DIY Java Malware Analysis
Parts Required: AndroChef ($) or JD-GUI (free), My Java IDX Parser (in Python), Malware Samples
Skill Level: Beginner to Intermediate
Time Required: Beginner (90 minutes), Intermediate (45 minutes), Advanced (15 minutes)
Java has once again been thrown into the limelight with another insurgence of Java-based drive-by malware attacks reminiscent of the large-scale BlackHole exploit kits seen in early 2012. Through our cmdLabs commercial incident response and forensics team at Newberry Group, I've had the opportunity to perform numerous investigations into data breaches and financial losses due to such malware being installed.
Based on my own experience in Java-related infections, and seeing some very lackluster reports produced by others, I've decided to write a simple How-To blog post on basic Java malware analysis from a forensic standpoint.
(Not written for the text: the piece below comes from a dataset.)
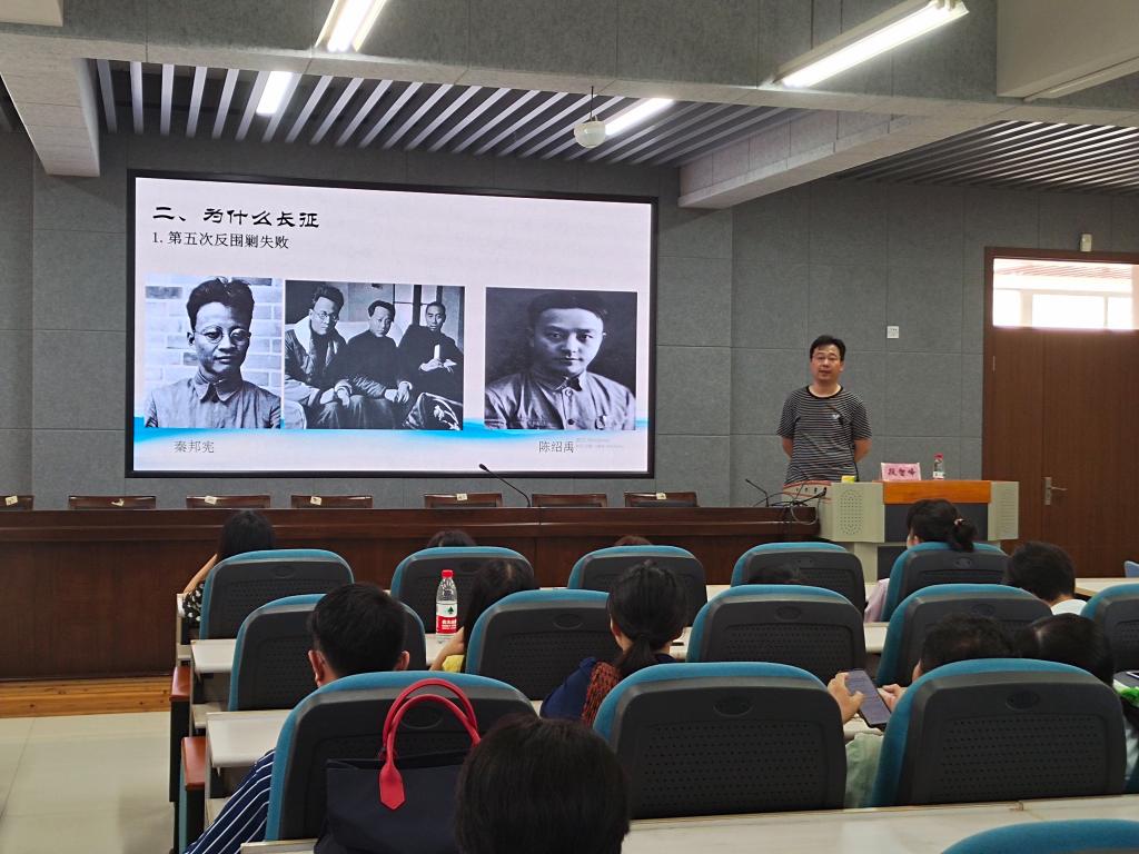 全院教职工大会后,学院召开教职工理论学习会,开展党史学习教育专题学习。马克思主义学院段智峰博士作题为《长征与长征精神》的报告。红军长征是20世纪最能影响世界前途的重要事件之一,段智峰博士从长征的概念,为何长征,长征的基本历程,长征精神及其启示等四个方面进行深入的阐述。翔实的史料、生动故事,学院教职工被理想信念坚定、奋不顾身的长征精神所感动,深深体会到革命成果和当下幸福生活来之不易,大家迸发了奋勇拼搏、开创更加美好生活的激情。
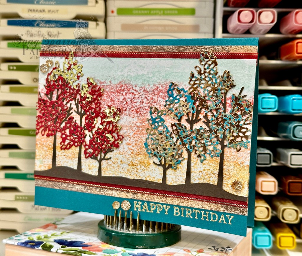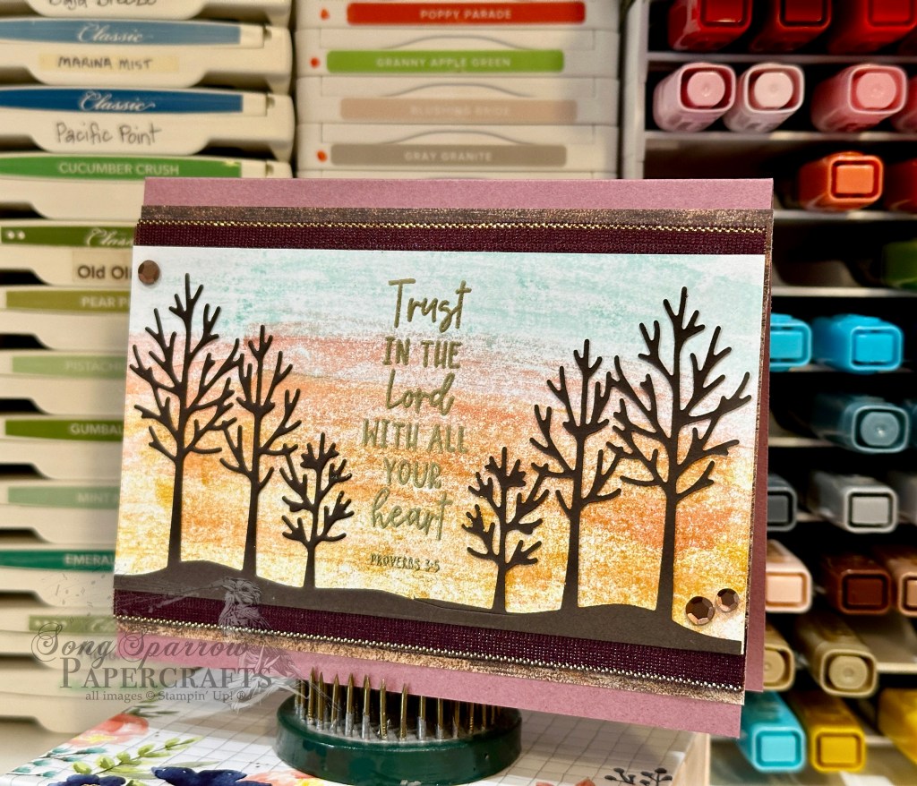 Our card gets started with a base of Crumb Cake cardstock and then I cut a window using the Textured Notes die. To create the sunset in the background, cover a clear block with a combination of Crushed Curry, Pumpkin Pie, and Flirty Flamingo ink and then spritz with water before stamping on the quarter panel of Very Vanilla cardstock. For some extra interest and a touch of mystical sparkle, add some Wink of Stella to the panel before adhering to the back of the front panel so that it peeks through the window. The trees and grass are cut from a combination of Mossy Meadow, Shaded Spruce, and Crumb Cake using the Scenic Adventure dies. The grass is adhered directly to the front panel, while the trees are adhered with dimensionals to give some depth to the scene.

Everyone has their own process, this is basically mine, and it takes the approach of examining the initial downloaded files, seen as Java cached JAR and IDX files, examining the first-stage Java malware to determine its capabilities, and then looking for the second-stage infection.
Java Cached FilesOne critical step in any Java infection is to check for files within the Java cache folder. This folder stores a copy of each and every Java applet (JAR) downloaded as well as a metadata file, the IDX file, that denotes when the file was downloaded and from where. These files are stored in the following standard locations:
- Windows XP: %AppData%\Sun\Java\Deployment\Cache
- Windows Vista/7/8: %AppData%\LocalLow\Sun\Java\Deployment\Cache
This folder contains numerous subdirectories, each corresponding to an instance of a downloaded file. By sorting the directory recursively by date and time, one can easily find the relevant files to examine. These files will be found auto-renamed to a random series of hexadecimal values, so don't expect to find "express.jar", or whatever file name the JAR was initially downloaded as.
Java IDX Files
The Java IDX file is a binary-structured file, but one that is reasonably readable with a basic text editor. Nearly all of my analysis is from simply opening this file in Notepad++ and mentally parsing out the results. For an example of this in action, I would recommend Corey Harrell's excellent blog post: "(Almost) Cooked Up Some Java". This textual data is of great interest to an examiner, as it notes when the file was downloaded from the remote site, what URL the file originated from, and what IP address the domain name resolved to at the time of the download.
I was always able to retrieve the basic text information from the file, but the large blocks of binary data always bugged me. What data was I missing? Were there any other critical indicators in the file left undiscovered?